The president appeared at the White House with three female nominees: Priscilla Owen -- whose nomination has been blocked by Democrats -- Janice Rogers Brown and Carolyn Kuhl. Brown and Kuhl have not yet had their names brought to the Senate floor.

The three nominees at the center of the dispute are Owen, a Texas Supreme Court justice nominated for the 5th U.S. Circuit Court of Appeals in New Orleans; Alabama Attorney General William Pryor, nominated by Bush to the 11th U.S. Circuit Court of Appeals in Atlanta, and U.S. District Judge Charles Pickering of Mississippi, also nominated to the 5th Circuit.

"I have handled my duty in the right way by picking superb men and women to serve our country as federal judges," Bush said. "These folks deserve an up or down vote on the Senate floor."

Senate Republican leaders scheduled the extended debate because if no Democrats are on hand to object at every moment during the entire 30 hours, Republicans could break the filibuster and confirm the nominees.

No one expected that to happen, but the Republicans hoped keeping the Senate in session all night for the first time in a decade would draw public attention to the Democratic strategy of using filibusters to keep Bush nominees off the federal bench.

The senators had cots brought into the Capitol on Wednesday in preparation for the marathon session.

The three contested nominees have been approved by the Judiciary Committee and have enough support to get the simple majority vote needed to be confirmed on the Senate floor.

However, Democrats are using Senate rules to filibuster the nominations, effectively blocking a vote. It takes 60 votes to end a filibuster, and Republicans, who have 51 seats in the Senate, have been unable to line up enought votes.

"There has been a concerted effort by the Democratic leadership to block judicial nominees in an unprecedented way, and that's why we're all here tonight," South Carolina Republican Sen.
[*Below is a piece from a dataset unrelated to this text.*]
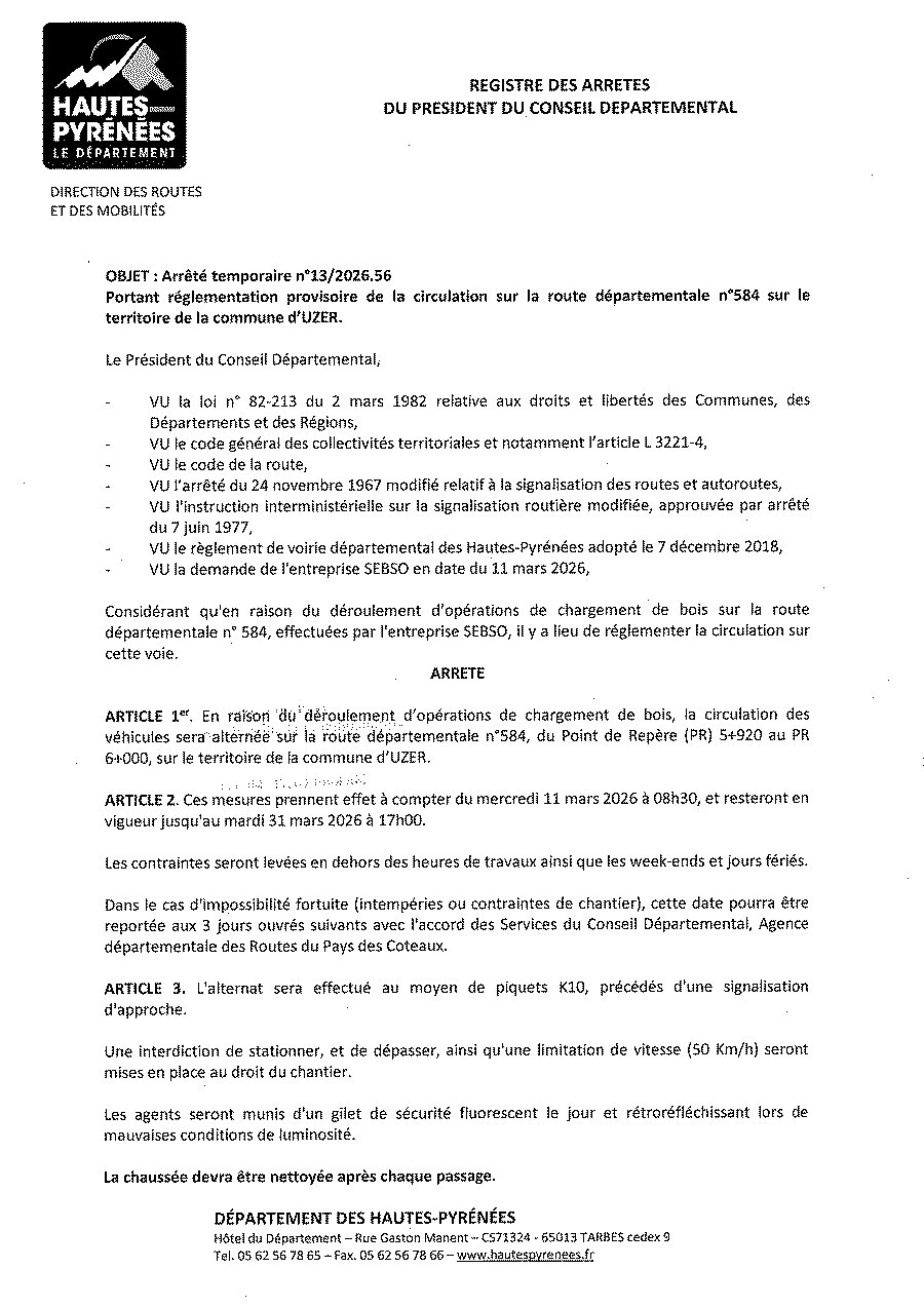 Réglementation provisoire de la circulation sur la route départementale 584 en raison d’opérations de chargement de bois

Lindsey Graham said from the floor of the Senate. "Not only is it unprecedented, it's very dangerous."

Democrats: Bush got '98 percent' of his picks

Democrats said that 98 percent of Bush's nominees have been confirmed, and that the filibuster is a long-standing Senate rule to block ideological nominees who are out of the mainstream.

Democrats also said Republicans used filibusters to block far more of President Clinton's judicial nominations, and accuse Republicans of making a big deal of the Democratic filibusters to make the Democratic Party look bad.

But Bush insisted, "Our circuit courts remain in some cases dangerously vacant... Where's the justice?" If the senators behind the filibusters are fair, he said, they will bring the judicial nominees "up to a vote today."

"Well, here we go, more complaining and more upset from the other side," said Barbara Boxer, D-California, on the floor of the Senate. "They just didn't get 100 percent of what they wanted. They only got 98 percent. The score, 168 to 4. You can print other charts, but here's the truth."

"This is a phony filibuster on a phony issue," Sen. Patrick Leahy, D-Vermont, said Wednesday, on CNN's Judy Woodruff's "Inside Politics."

Leahy, the Judiciary Committee's ranking Democrat, said Republicans used Senate rules to torpedo 63 judicial nominations made by President Clinton.